Published online 20 January 2005 | Nature | doi:10.1038/news050117-12

News

Huygens: the missing data

News@nature.com finds out where it went, and whether it matters.

Huygens' mission to Titan has worked almost perfectly.Huygens' mission to Titan has worked almost perfectly.© ESA/NASA/University of Arizona

The Huygens probe's mission to Titan has been universally hailed as a grand success. It has delivered stunning images of the moon's landscape and scientists are now poring over measurements of Titan's weather and soil. And yet it didn't all go exactly to plan. One aspect of the mission that hasn't been trumpeted quite so loudly is the fact that not all of Huygens' data actually arrived on Earth. So what happened to the rest of them? News@nature.com investigates.

Which data went missing?

Scientists on Huygens' imaging team only got half of the pictures they had hoped for during the descent. They expected to have more than 700 images from the 2.5-hour flight, and only got about 350. Data from the Doppler-shift experiment, which measured subtle changes in the wind speeds that Huygens experienced, was also lost.

What happened exactly?

As it fell towards Titan, Huygens transmitted a continuous stream of information to the Cassini mother ship passing overhead, which collected all the data before turning towards Earth to send it to the waiting scientists. The Huygens transmissions were sent on two channels that used slightly different microwave frequencies.

Most of the probe's data were duplicated on each channel, like two different radio stations broadcasting the same programme. "The information is so important you carry it twice, it's a redundant system," explains David Southwood, director of science for the European Space Agency (ESA), which built and operated the probe.

That redundancy saved the mission from failure. Cassini had two different receivers to collect the data from Huygens, and one of them did not work.

Why didn't the receiver work?

“There's no mystery why it didn't turn on.
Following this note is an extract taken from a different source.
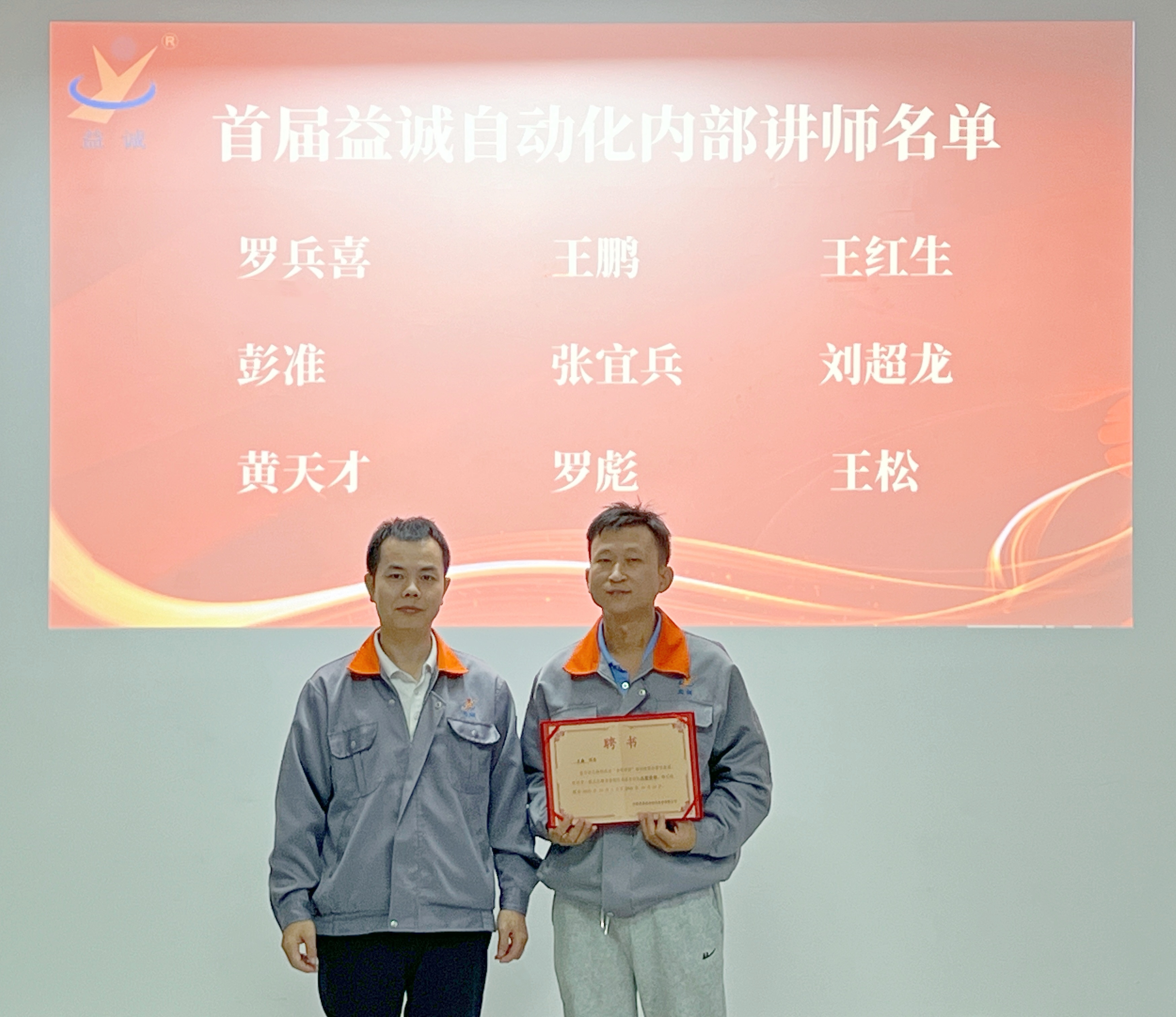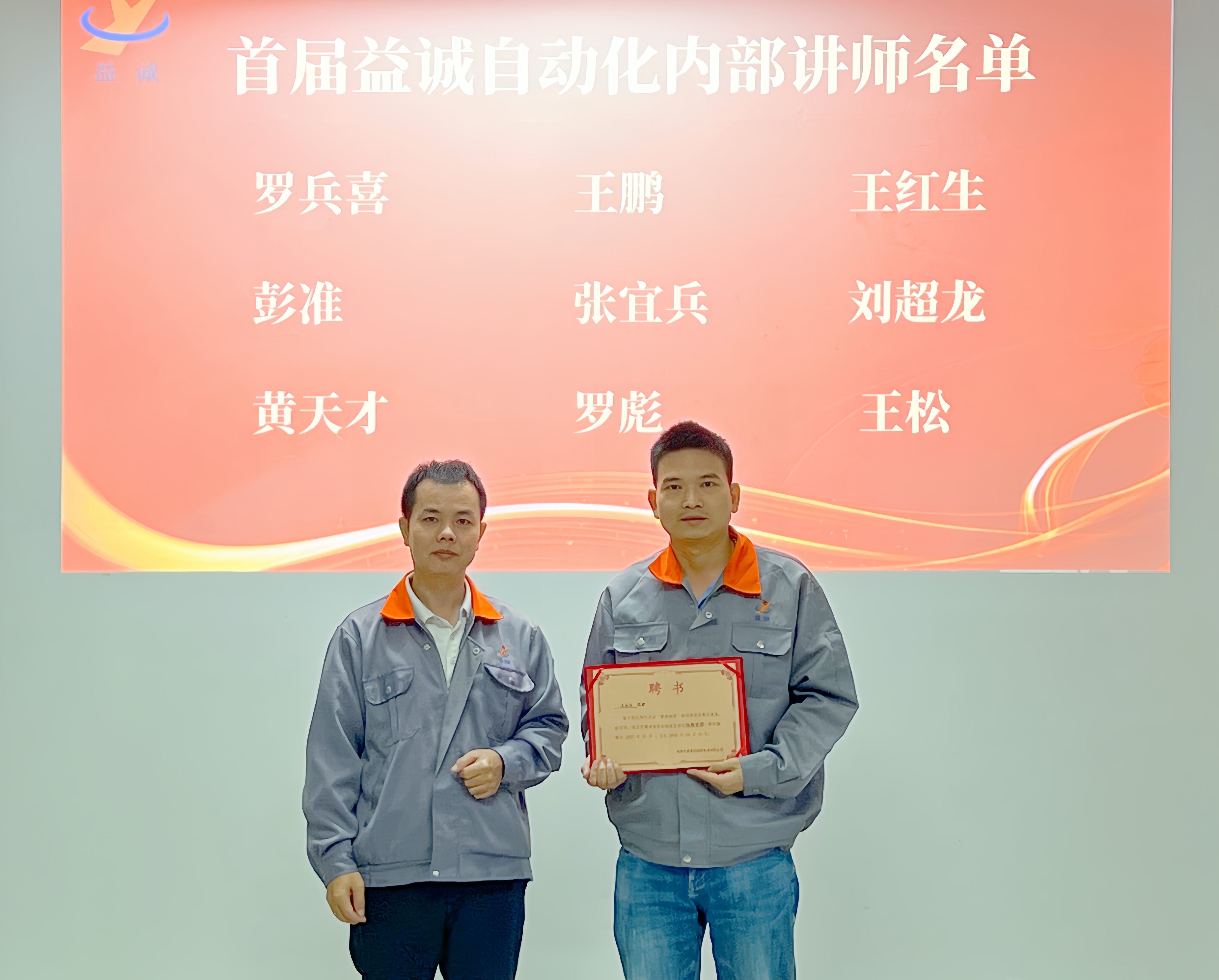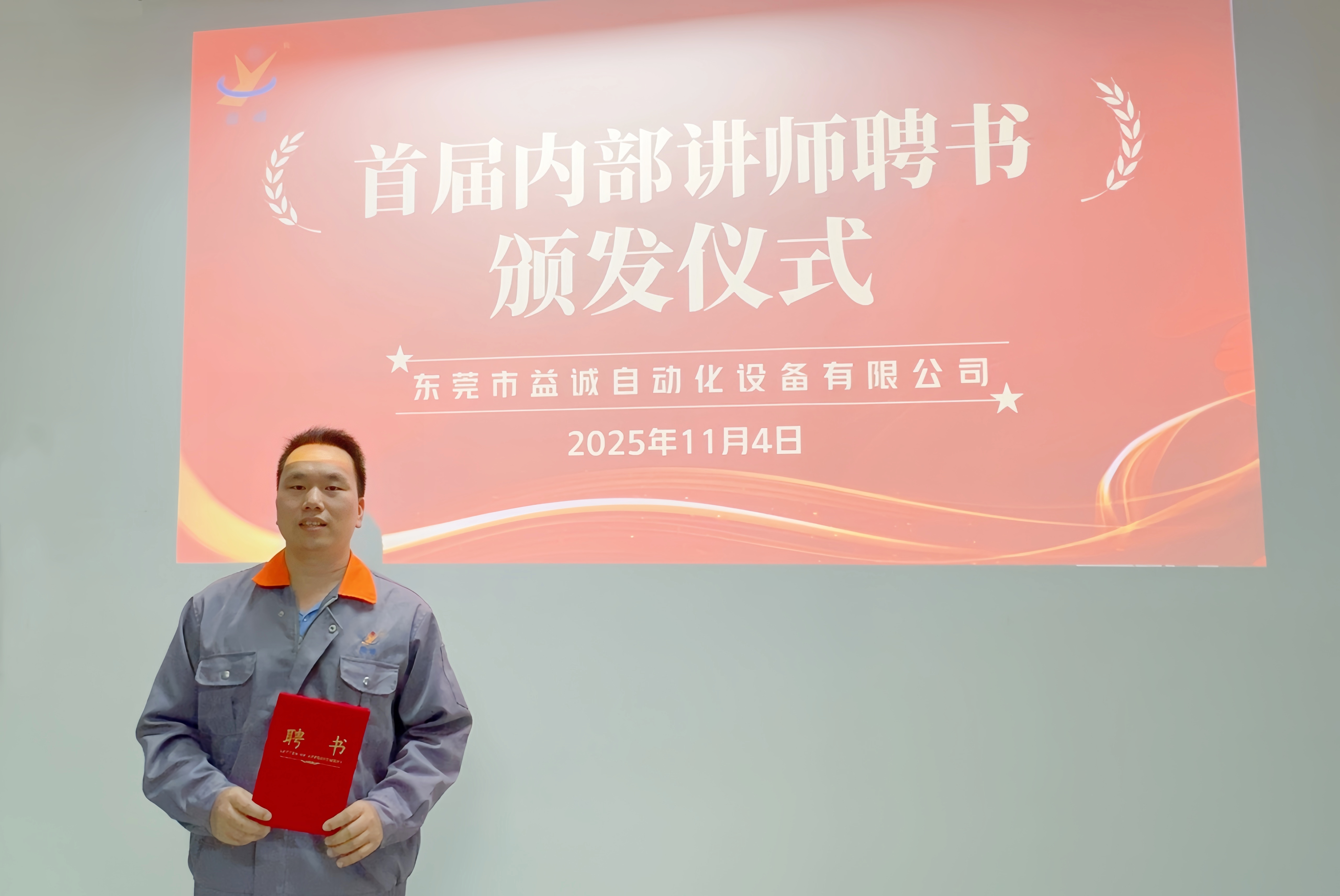 益誠(chéng)自動(dòng)化總經(jīng)理潘總親自為首批內(nèi)部講師頒發(fā)聘書,潘總勉勵(lì)大家:“這張聘書承載的不僅是榮譽(yù)與信任,更是責(zé)任與期待,希望大家成為公司智慧傳遞的橋梁,在教與學(xué)中激發(fā)思考,在傳與承中凝聚力量,為公司高質(zhì)量發(fā)展持續(xù)注入人才動(dòng)能。”

The command was never sent.”


Member of the Huygens imaging team

The Channel A receiver was simply not turned on during the mission. "There's no mystery why it didn't turn on," says one scientist on the imaging team, who was upset by the loss. "The command was never sent to switch it on."

Whose fault was it?

"That's an ESA responsibility," admits Southwood. Any instructions that need to be sent to the Cassini spacecraft are compiled as a series of software commands by mission scientists, and these are transmitted to the craft from the Jet Propulsion Laboratory in Pasadena, California. All commands relating to the Huygens probe were programmed by ESA.
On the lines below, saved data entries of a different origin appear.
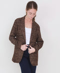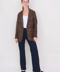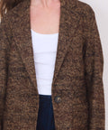 Warm and cozy blazer from Diega in a herringbone tweed. Classic styling details such as notched collar, front patch pockets and single button close. Slightly longer length covers your bum. Substantial enough to be used as outerwear on milder days. Lined. 49% Polyester, 22% Wool, 22% Acrylic, 7% Other fibers. Lining: 100% Viscose. Dry clean. Made in Morocco. Designed for an oversized fit, size down for a more traditional fit. Lindsay is 5'6" and wearing the XS.
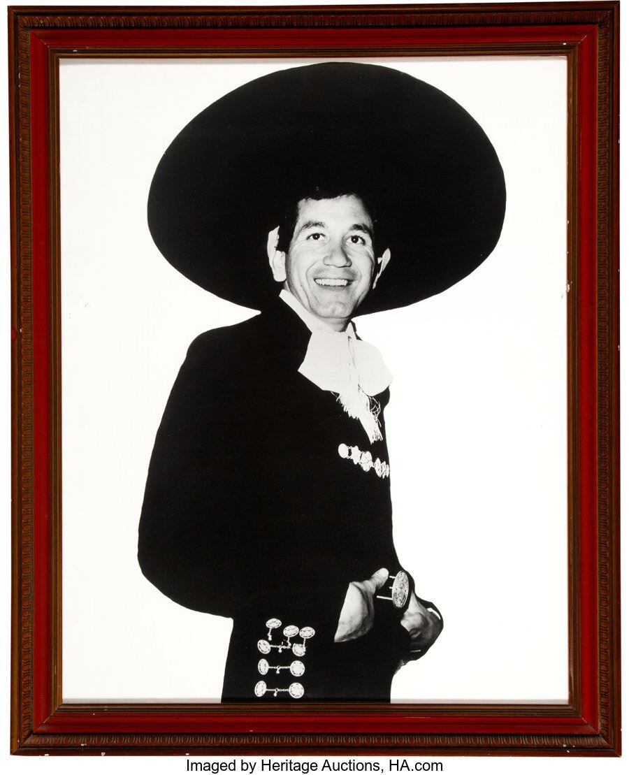 Trini Lopez Large Format Early 60s Personally Owned Photo. A large black and white photo of Trini, custom framed to an overall 25 ¾" x 31 ¾". In Very Good Plus condition with spots of creasing on the print and various chippings on the frame. COA from Heritage Auctions.
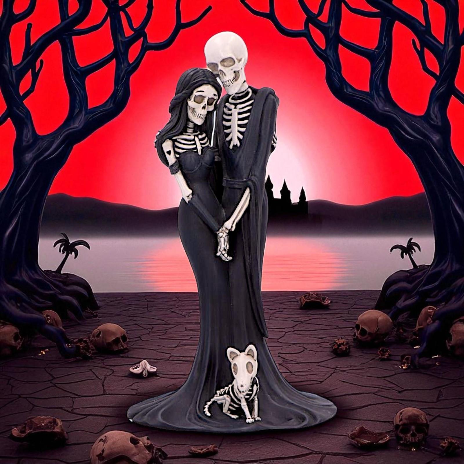 Gothic Skeleton Embrace Figurine Couple & Dog Everlasting Macabre Fantasy Art
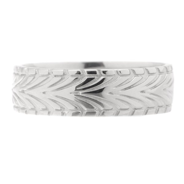 A designer car tyre tread style gents wedding band. The ring width measures 7mm.
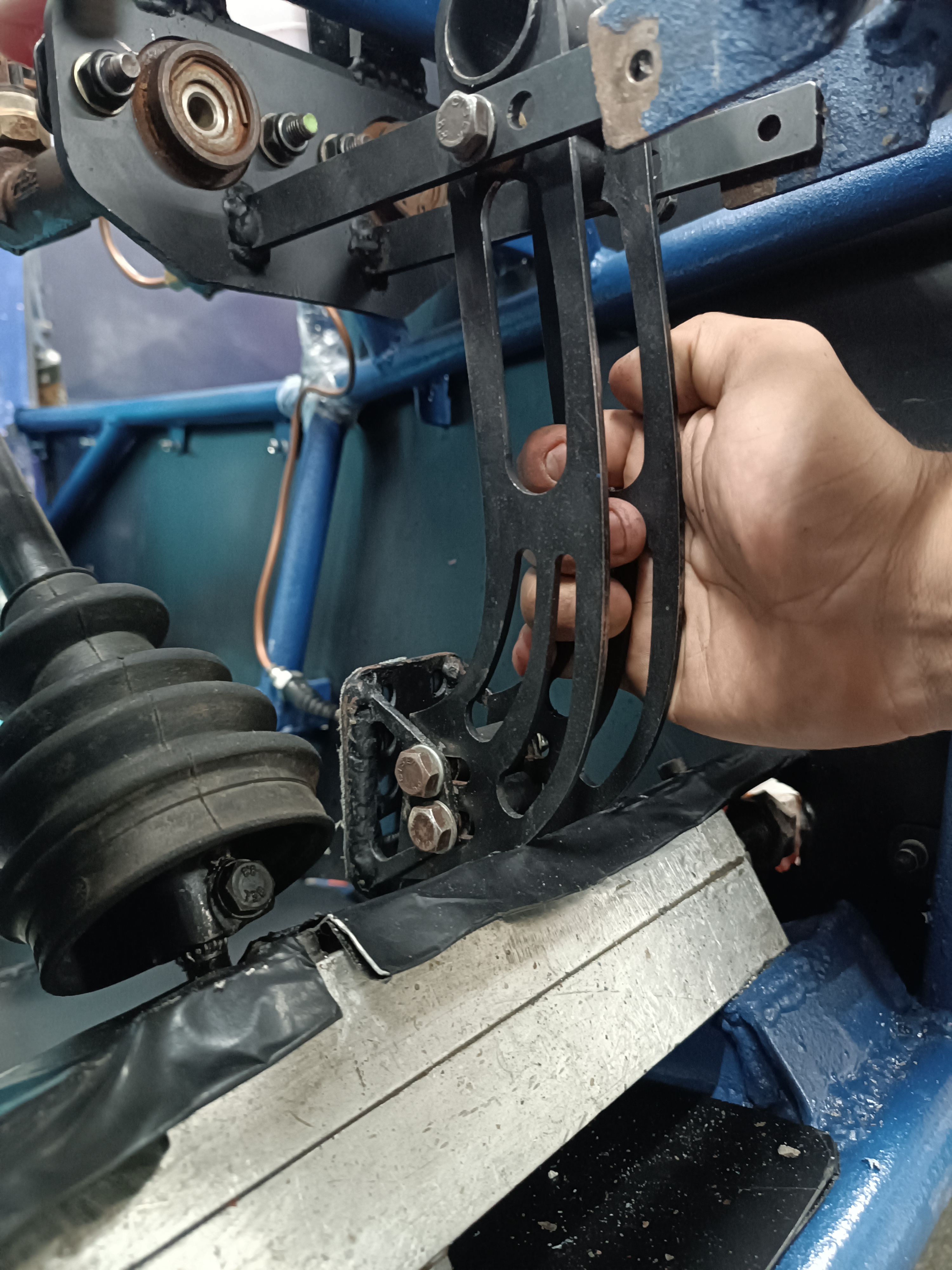 Nas fotos a seguir e possível ver que a caixa de direção agulada limita o curso do pedal em caso de perda do freio e no regulamento só pede que o pé do piloto não saia pela frente do cockipit em caso de falha no freio. Neste caso, a caixa de direção seria considerada um batente? Levando em conta que no acionamento normal do pedal, não tem contato com o batente, apenas sem pressão.

Southwood says it isn't important who omitted the crucial instruction, because the responsibility runs wider than that: the error should have been picked up during checks. ESA is now mounting an investigation into why the mistake was not spotted. "I'm extremely anxious to learn lessons from this," says Southwood.
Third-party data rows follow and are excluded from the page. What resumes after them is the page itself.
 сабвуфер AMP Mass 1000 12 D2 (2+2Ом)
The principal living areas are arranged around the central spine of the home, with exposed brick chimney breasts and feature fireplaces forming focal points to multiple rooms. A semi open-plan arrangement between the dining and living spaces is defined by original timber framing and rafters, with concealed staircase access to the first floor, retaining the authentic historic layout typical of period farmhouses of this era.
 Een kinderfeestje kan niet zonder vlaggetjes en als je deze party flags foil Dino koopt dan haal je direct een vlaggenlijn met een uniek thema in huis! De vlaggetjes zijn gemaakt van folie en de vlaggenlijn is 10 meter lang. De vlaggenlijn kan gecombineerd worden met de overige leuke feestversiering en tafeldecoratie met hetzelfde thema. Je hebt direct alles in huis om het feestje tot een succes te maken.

Why were the pictures not duplicated like the rest of the data?

“They chose to fly without a parachute.”

David Southwood
Director of Science, ESA

The imaging team, based at the University of Arizona, Tucson, sacrificed the redundancy of the system in an attempt to get as much data as possible from Titan. Instead of sending the same pictures twice they interleaved them across both channels, with successive images being sent to alternating receivers on Cassini. If it had worked, they would have got 700 images.

"They chose to fly without a parachute," says Southwood. "But as a scientist, I would have done exactly the same." And because the pictures were alternated between the two channels, the scientists still have a continuous pictorial record of the descent.

What about the wind speed measurements?

The Doppler Wind Experiment was designed to calculate the direction and strength of Titan's winds, to find out more about the moon's weather and to precisely plot Huygens' trajectory and landing point.

As the probe fell away from Cassini, its microwave transmissions were 'stretched' slightly - Cassini would have picked up a lower frequency than Huygens actually sent. This tiny Doppler effect, similar to the changing tone of a police siren as it passes on the street, can be related directly to the probe's motion.

“"I'm extremely anxious to learn lessons from this.”

David Southwood
Director of Science, ESA

But the effect is so small that it can only be discerned if both transmitter and receiver operate at an extremely regular frequency. To achieve this stability, one of the two data transmitters was fitted with an ultra-stable oscillator (USO).

Weight constraints prevented both transmitters from being fitted with a USO. But this made the experiment dependent on a single channel - the channel that Cassini failed to pick up.

Fortunately, a network of radio telescopes on Earth picked up the signal from the ultra-stable transmitter directly. This should allow scientists to reconstruct the craft's flight path within the next two weeks, "although it will require a huge amount of number crunching," says Southwood.